SD: Variance gives us a measure in units squared, taking square root of variation gives SD
SEM: measure of spread, what SD would look like if measured in real world
What are the 5 measures of spread? (CRISS)
Confidence intervals
Range
interquartile range
Standard deviation
Standard error of mean
What are confidence intervals and what represents them? (what couldn’t you figure out how to make elliott’s first assignment ?) 95/100…
Defines range taht will theoretically capture true mean 95% of the time (95 times out of 100 )
Represented by error bars
Why does the mean, mean nothing and what’s possible when a chart doesn’t have this?
Means nothing as there’s no measure of spread, when a chart doesn’t have a measure of spread they either are stupid or think im stupid
How do we know when error bars are significant or insignificant?
When error bars overlap quite a bit means probably insignificant, when error bars do not overlap significantly means it’s usually statistically significant
What three things all represent the same thing? (squares,very,S..)
sum of squares variance and standard deviation all represent same thing just different amounts
What are z scores and it’s formula?
Expresses score in how many Sd’s it is away from the mean
z= x-x(bar) ~(divided) SD
What are the 5 property’s of z scores ? cuts off top/bottom, lie between…
(cuts off 2…, lies: 1..,2..,3..) (95% of,99% of,99.9 %of)
1.96 cuts off top 2.5 percent of distribution
-1.96 cuts off bottom 2.5 percent of distribution
95 percent of z scores lie between 1.96 and -1.96
99 percent of z scores lie between 2.58 and -2.58
99.9 percent of z scores lie between 3.29 and -3.29
what does p=0.49mean as an alpha level and what does it mean if p=0.5 is alpha level of expirement?
P=0.49- less than 5 times out of 100 an error can happen and we are okay with that, alpha level set to show error we are okay with getting
P=0.5- we are okay with error being 5/100 (error rate we are okay with having)
What is a correlation and it’s 3 factors? (change, weight scale, two things don’t cause eachother)
Co variation/relation between 2 variables
3 factors:
variables change together
usually scale variables
correlation doesn’t mean causation
what is a correlation coefficient and it’s 3 factors (yay or nay, 1, STRONG based upon..)
statistic that quantifys a relation between two variables
3 factors
can be positive or negative
falls between -1.00 and 1.00
value of number indicates strength
What is a positive and negative correlation and what kind of relation do they have? (smiles for positive)
Positive : One variable has high score and other variable tends to as well
-direct relation between two variables
Negative: One variable has high score while other has low score
-inverse relation between variables
What are two scale variables (NOIR) and what’s a pearson correlation coefficient and what two letters can it be represented by? (what do you get when making personal best)?
two scale variables: interval and ratio
Pearson coefficient is a statistic that quantifys linear relation between two variables
Can be represented by Italic R for sample data or Italic P for population parameter
How many strengths of correlation are there and what numbers do they represent? ( like shirt sizes)
Small- 0.10
Medium-0.30
Large- 0.5
What are the two limitations of correlation and what does it mean? (no full popu…, switch from negative to positive)
Restricted range- smaller range than full population, correlation can become smaller
Effect of outlier- outlier can make correlation much stronger than supposed to and even change from negative to a positive
What are the 6 steps to correlation hypothesis testing? ( Identify, state,find and determine, determine, calculate, make..)
- identify population, distribution and assumptions
2) state null and research hypothesis
3) Find and determine characteristics and compare
4) determine cortical values
5) calculate statistics and tests
6) make a decision
What do psychometric and psychometricians do? (2 factors) development..

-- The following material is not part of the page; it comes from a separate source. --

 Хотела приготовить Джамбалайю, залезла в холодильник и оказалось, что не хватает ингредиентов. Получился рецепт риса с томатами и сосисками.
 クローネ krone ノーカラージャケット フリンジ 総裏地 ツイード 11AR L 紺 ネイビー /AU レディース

Psychometric are used in development of tests and measures
psychometricians use correlation to examine 2 aspects of development of measures
2 Factors
1) reliability 2) validity
Why are correlations used in psychometrics?

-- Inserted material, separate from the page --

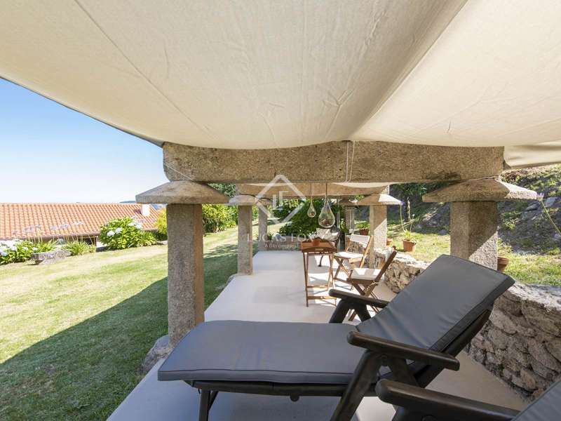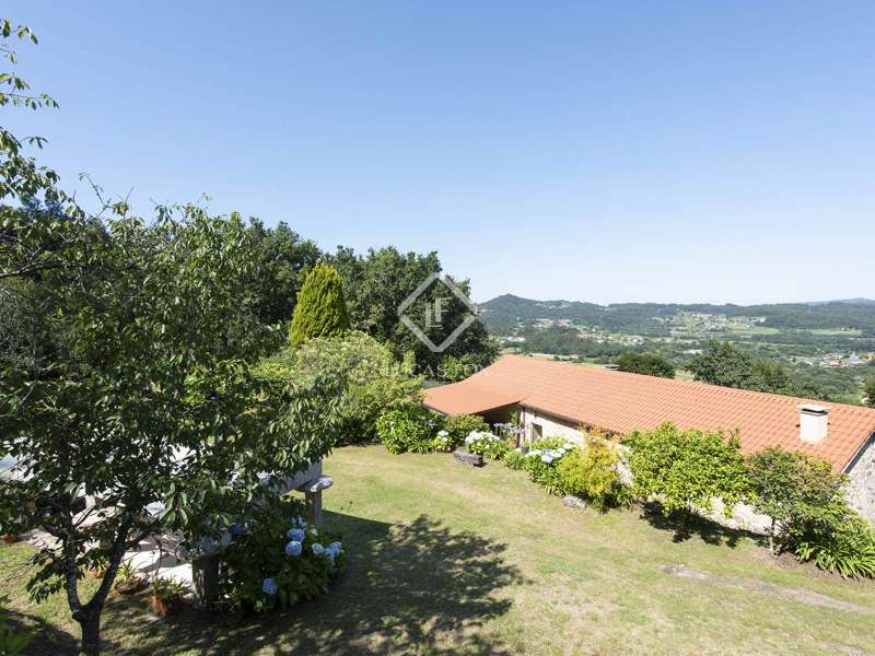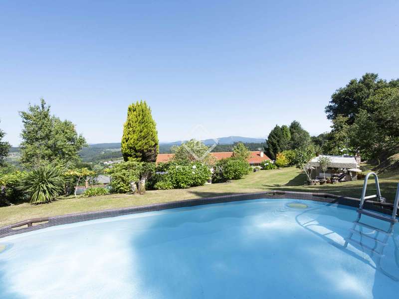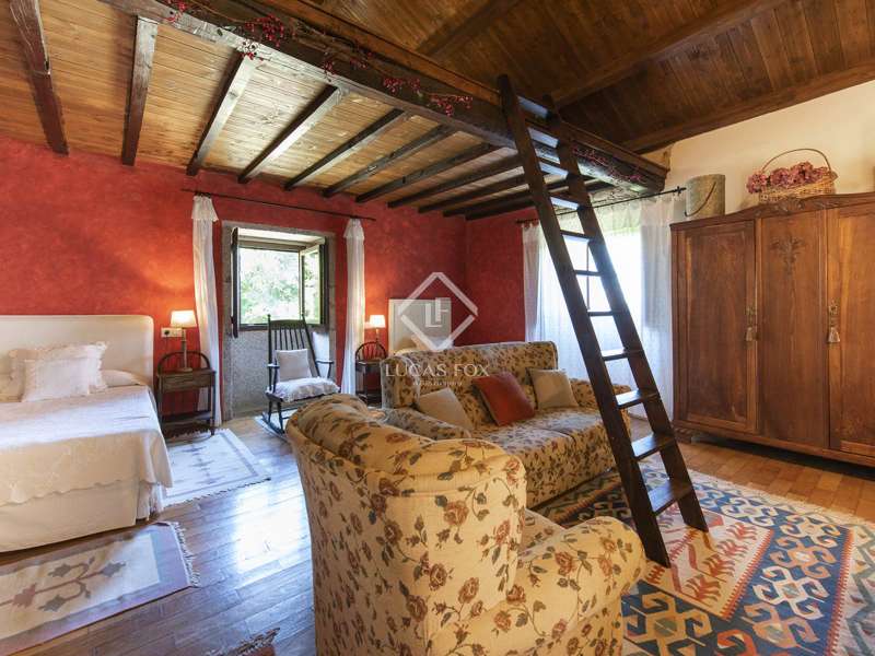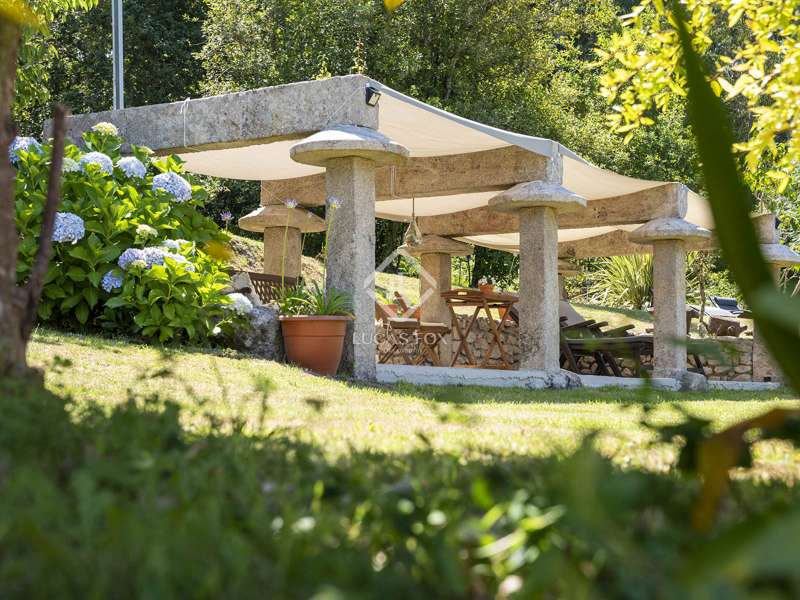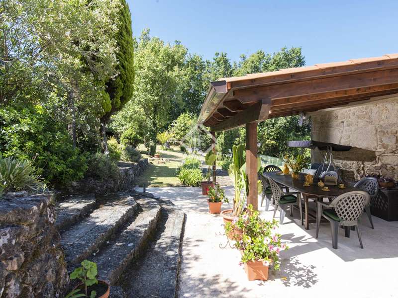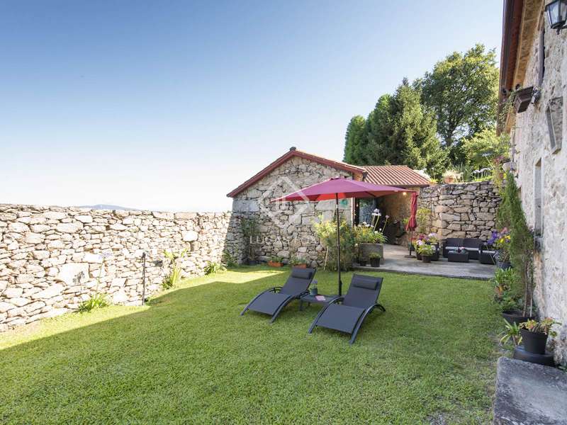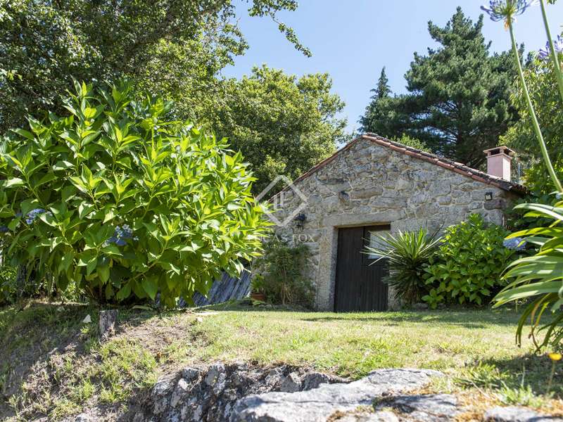 A fantastic property located a few minutes inland from the coastal area of the Rias Baixas. We find the beautifully renovated property offering good attention to detail, decoration and location. The property is located inland in the province of Barro, Pontevedra, a short drive to the city of Pontevedra and Sanxenxo. The property offers a good size plot, measuring a total of 6.010 sqm. The whole perimeter of the property is finished with a stone wall, giving it privacy and security. Once inside the property, we find many historical features and elements that date back to the property's original construction. Inside the property, we find an excellent, large plot on a small hill. The property has a south-easterly and westerly aspect and so benefits from abundant natural light throughout the day. The main facade of the building faces west and benefits with views of the village square, the valley and the mountain views. Once we arrive at the property, we are welcomed by the grand entrance driveway that gives access to the property. Once inside, we have the parking area on the right for 1 car, which is currently used as an outdoor dining area. There is a large storage room. Once we arrive at the inner patio, we find a lovely, well-kept garden which gives access to the villa's main entrance. As we enter the villa on the left side wing, we find the living and dining room, a nice size space. On the same level, on the right side, we see a good size bathroom and a large sleeping area for 3 beds or 1 large bedroom. This area is finished with good quality tile flooring imitating wood and the exposed original wood beams. All updated and maintained in good quality. On the first floor, we find the eat-in country-style kitchen with vaulted wood-finished ceilings and a charming design. On the same level, we see 2 large bedrooms with their sitting area. The bedrooms are situated on a mezzanine floor. We find exposed stone vaulted wood finished ceilings. The bedrooms accommodate 2/3 good size beds. The exterior section of the property offers the most lovely elements this property has to offer. Outside, we find the outdoor covered porch area, of a good size to enjoy with family and friends in the evenings and the early morning. Surrounding the property on the back side, we find a large forest piece, and on the front side, we find one neighbour—the property benefits from exclusivity and privacy. Outside we will also find the Ruin granary (Hórreo), currently used as a chill-out area near the above-ground pool. Outside, there is also an annexe building which is currently used for storage space but can be easily converted into a small guest house area if the room is needed or a summer barbecue area. The property offers an unlimited water supply from a natural spring located a few metres away from the property, used and shared amongst all the property owners in the village. The property is sold with furniture, appliances, an active rental licence and decoration. Certain elements are personal to the property owners and will not be included in the sale. This property will be suitable for a family to enjoy a relaxed lifestyle inland and close to the Rias Baixas and the city of Pontevedra. Also, entrepreneurs or investors interested in purchasing the property and managing the guest house.

to help assess reliability of pro sports team or establish validity of personality test
What are the 2 meanings of stats and the 2 ways to represent data? (maths) (g.., history..)

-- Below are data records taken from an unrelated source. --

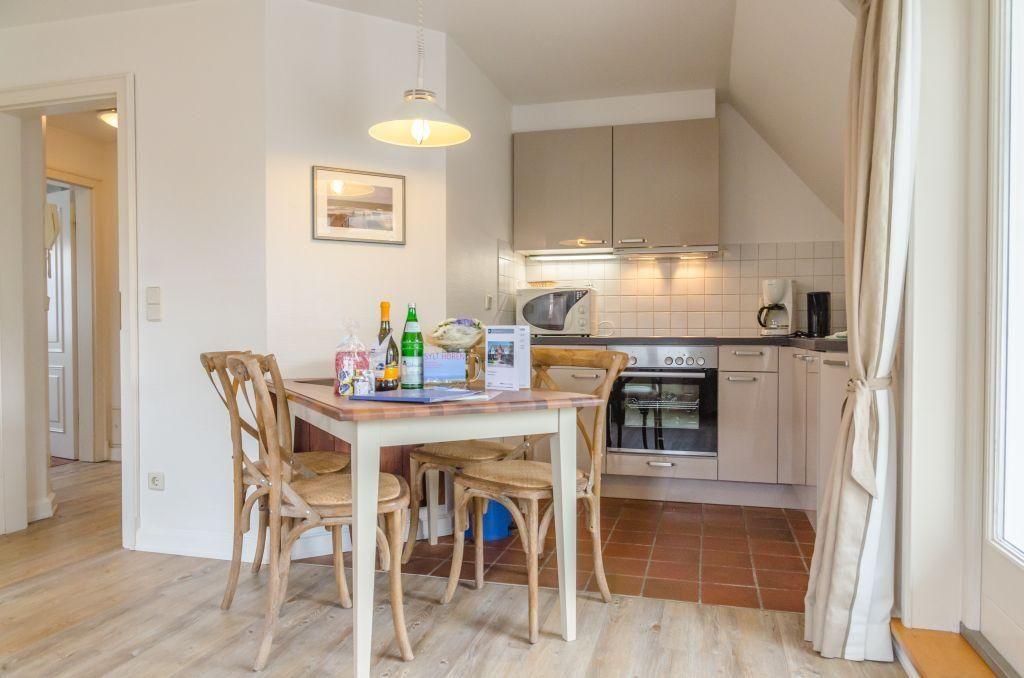 Das Wohn- und Esszimmer ist liebevoll eingerichtet und bietet ein Sofa für zwei Personen, einen Sessel, TV und einen Esstisch mit Platz für vier Personen. Vom Wohnzimmer aus gelangen Sie direkt auf den sonnigen Westbalkon, der mit Gartenmöbeln ausgestattet ist und sich hervorragend zum Genießen der Abendsonne eignet.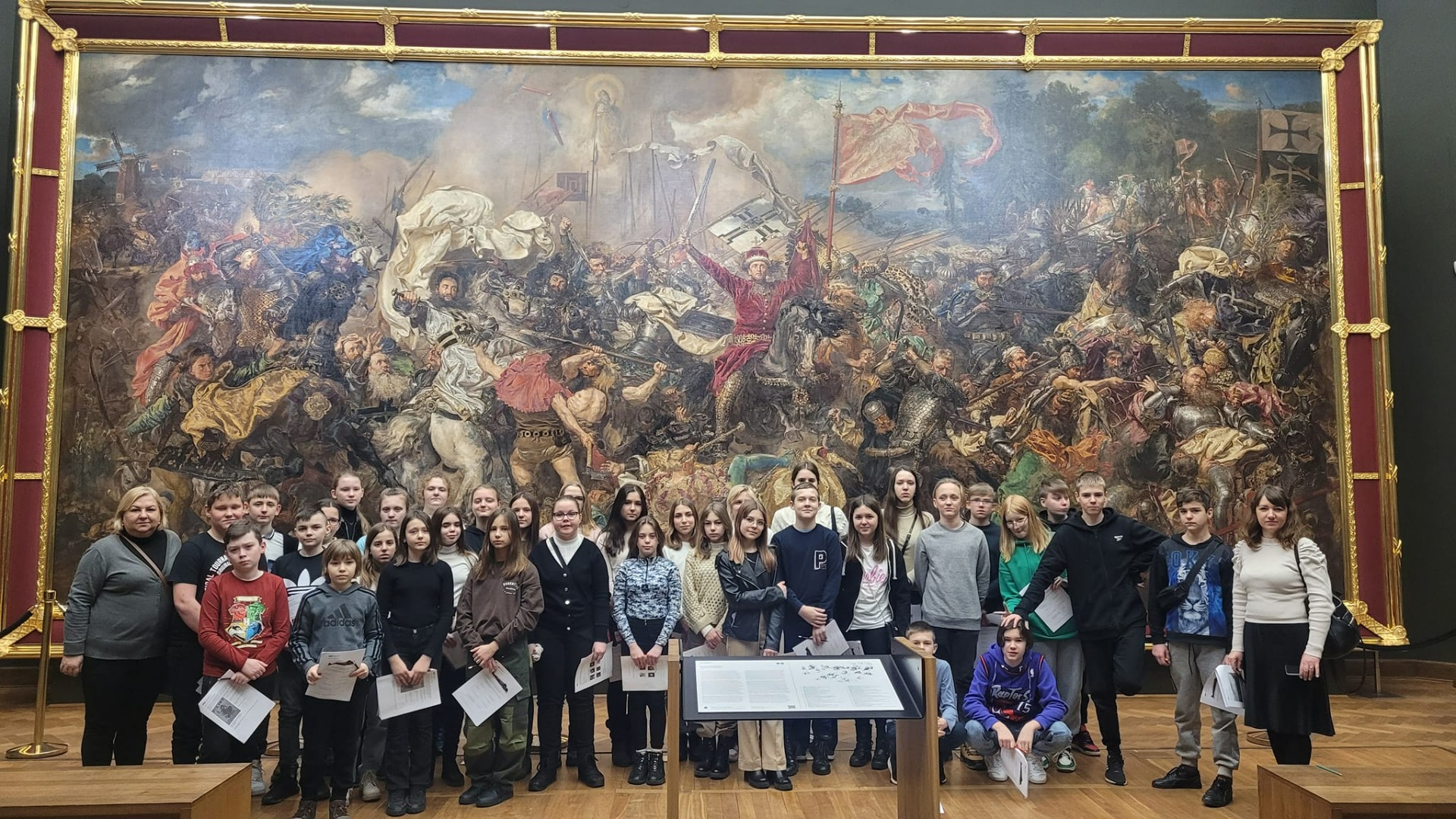 Nasi uczniowie mogli uczestniczyć w lekcji muzealnej: „Muzealne przeboje”. Zdobywali wiedzę i nabywali kompetencje kulturowe. Rozwiązywali zadania i słuchali ciekawostek na temat poszczególnych dzieł. Zapoznali się Galerią Sztuki Dawnej, gdzie podziwiali najsłynniejszą XVIII wieczną zastawę stołową wyprodukowaną w najstarszej manufakturze porcelany w Miśni. W Muzeum Narodowym znajduje się 53 sztuki słynnego Serwisu Łabędziego. Następnie pani przewodnik zaprowadziła wszystkich do Galerii Sztuki XIX Wieku, gdzie mieliśmy okazję podziwiać m. in. obraz Bernardo Bellottego zwanego Canaletto „Widok Warszawy z tarasu Zamku Warszawskiego z 1773 roku”. Obraz został namalowany na specjalne zamówienie króla Stanisława Augusta Poniatowskiego, płaszcz koronacyjny i insygnia koronacyjne Augusta III. Niewątpliwą atrakcją był największy polski obraz Jana Matejki „Bitwa pod Grunwaldem”. Dzieło to artysta malował przez sześć lat (1872-1878), posiłkując się „Rocznikami” Jana Długosza. Ostatecznie udało mu się osiągnąć niesamowity efekt – na płótnie o rozmiarach 426 x 987 cm w sposób monumentalny przedstawił jedno z najważniejszych wydarzeń w polskiej historii. Zwiedziliśmy również Galerię Sztuki Starożytnej gdzie znajduje się sarkofag i kartonaż kapłana Hor Dżehuti z mumią nieznanej kobiety z przed ok. 2 tys. lat temu.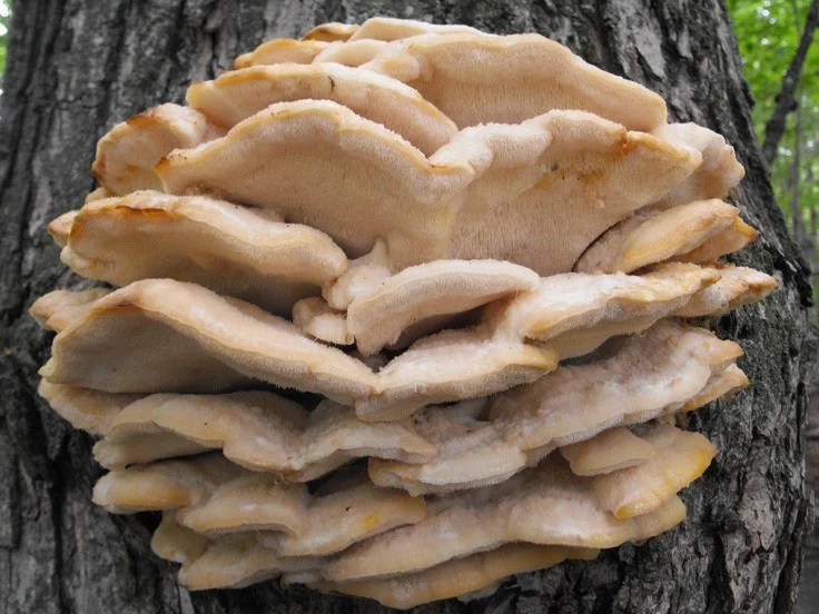 #ChickenOfTheWoods , #WildMushroomForaging , #LaetiporusSulphureus , #ForestTreasures , #VeganMeatSubstitute , #NaturePhotography , #EdibleFungi , #MushroomHunting

2 meanings of Stats: 1) field that applys to mathematical techniques to interpret and summarize data 2) Mathematical techniques themselves
2 ways to represent data
1) frequency distributions (histograms)
2) Graphs
What does a frequency histogram represent and when do the bars touch and not touch ? (gender,age and weight)
Represents frequency data in bar form
Non continuous variables (gender) bars don’t touch
Continuous variables (age, weight) do touch
What type of statistics is used to measure thousands of high school grade point averages and what else does it measure? (2) measures: CT, V
Descriptive statistics to obtain precise scores, measures central tendency and variability
Where is the frequency of scores the strongest and weakest?
Strongest/greatest near the mean and progressively decreases towards extremes (ends)
What are the three frequency scores? 60.. something falls between what and what SD’s away from the mean?) (-1,2,-3)
68 % of scores fall between -1 and 1 standard deviations away from the mean
95% fall between -2 and 2 SD’s away from mean
99% fall between -3 and 3 SD’s away from mean
What’s the difference between Parametric and Non parametric stats(and what’s another name for it)? (one needs somthing, other doesn’t need it)
Parametric needs population parameters to do inferential procedures
Non parametric can be called distribution free stats as it doesn’t need population parameters to do inferential procedures
What kind of data is non parametric and parametric stats, and what types of tests fall under both (2 each) ?(sneaky and always going..)
Non parametric- discrete data : Chi square, Kruskal wallis,spearmen,kendall’s tau
Parametric- continuous data : T tests, Anova
Which tail design has more power (1 or two tail) and why?
One tail designs have more power as they can detect significant difference because they’re less conservative (more likely to find something)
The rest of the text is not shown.